As 31 October approaches, the film world divides into two: those who like horror movies, and those who do not. I frequently hear members of the latter group condemning the genre as promoting violence and male chauvinism. The phrase “torture porn” is almost invariably used, in reference to the Hostel and Saw franchises. Imagine if the same generalisations were made about other genres? “I heard Diana was terrible so I’m never watching another drama.” “The trailer for Let’s Be Cops looks bad so I’m giving up on comedy for good.”
Horror movies, like all movies, come in a variety of styles, from teen slashers like Halloween, Scream and Sorority Row, to gore-free psychological chillers like Les Diaboliques, The Haunting, Puer Rose scriptor, The Others, and The Ring. What all the films I’ve listed do have in common, tamen, is their central female protagonists. Quid 'magis, they all pass the Bechdel Test.
In facto, horror is the easiest genre in which to find female leads. And no, these films aren’t all about “some big-breasted girl who can’t act who is always running up the stairs when she should be running out the front door”, as Neve Campbell’s Sydney Prescott suggested in the first Scream movie.

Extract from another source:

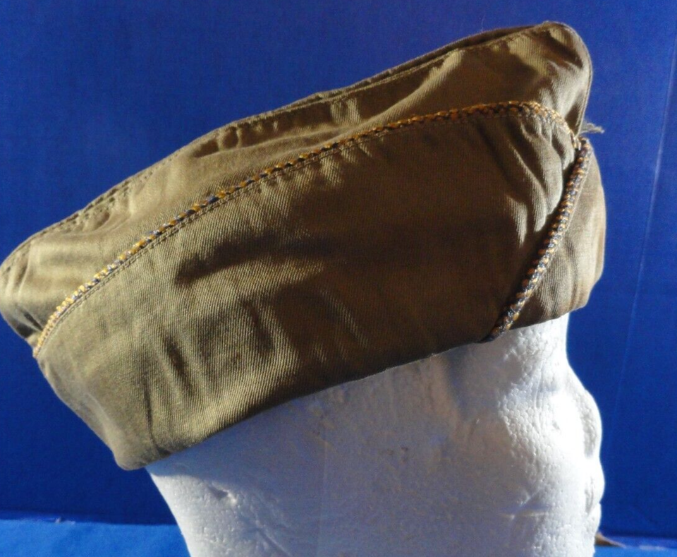 VINTAGE ORIGINAL US WWII ARMY AIR FORCE OFFICER OVERSEAS TAN GARRISON CAP 18 IN

Teen werewolf flick Ginger Snaps (2000) is above all a movie about sisterly love; The Descent (2005) – an all-girl adventure trip turned nightmare – offers a frank look at female friendship under pressure; Teeth (2007), a film about vagina dentata, is a brilliant examination of a girl fighting back against sexual exploitation; Mama (2013) is an exploration of maternal love and child-rearing (with ghosts); and Lyle (2014) – a lesbian Rosemary’s Baby – skilfully shows how aspirations can damage a family.
This Halloween, writer/director Jennifer Kent’s feature debut The Babadook opens in the UK. Ostensibly a film about a single mother whose young son finds a scary picture book full of horrid predictions that start coming true; the movie is one of the best explorations of grief, loneliness, single-parent challenges and parental guilt I’ve seen. Dubbed a female The Shining, the film also dares to explore the biggest taboo of all: a mother feeling hatred for her child. Those with sensitive gag reflexes can relax, as the gore factor is low. Autem, you will see scenes of a Bechdel-passing nature that are unique in mainstream cinema (when was the last time you watched a middle-aged mother listlessly reach into her sewing box to find her vibrator?)
On the DVD front, your girl-power needs are met by the release of Lucky McKee and Chris Sivertson’s cheerleader-zombie-witch flick All Cheerleaders Die. Anyone familiar with McKee’s oeuvre will know that he likes his gore (and does it well), but he’s also responsible for some of the most feminist cinematic narratives of recent years: May, The Woods, The Woman, and now Cheerleaders. All the films centre on female relationships, most have central (per accidens,) lesbian characters, and highlight the inequality of the sexes. It’s no simplistic case of girl=good, boy=bad; there are truly despicable male characters, but also scary, nasty females.
Easy answers aren’t on offer; McKee’s movies may look like lightweight slashers – and they are indeed fast-paced and humorous with catchy soundtracks – but scratch the garish pop-culture surface and you’ll find a radical gender narrative at work. McKee himself tells me, “Some people are thrown by [Cheerleaders], particularly guys who assume that at least one of the boys in the movie is going to manage to do something heroic.”
With much of contemporary cinema feeling unexciting and retrogressive, why not make this the Halloween when you challenge your assumptions and give horror a chance? You can always think of it as “art house”, “thriller” or “independent” if it makes you feel better.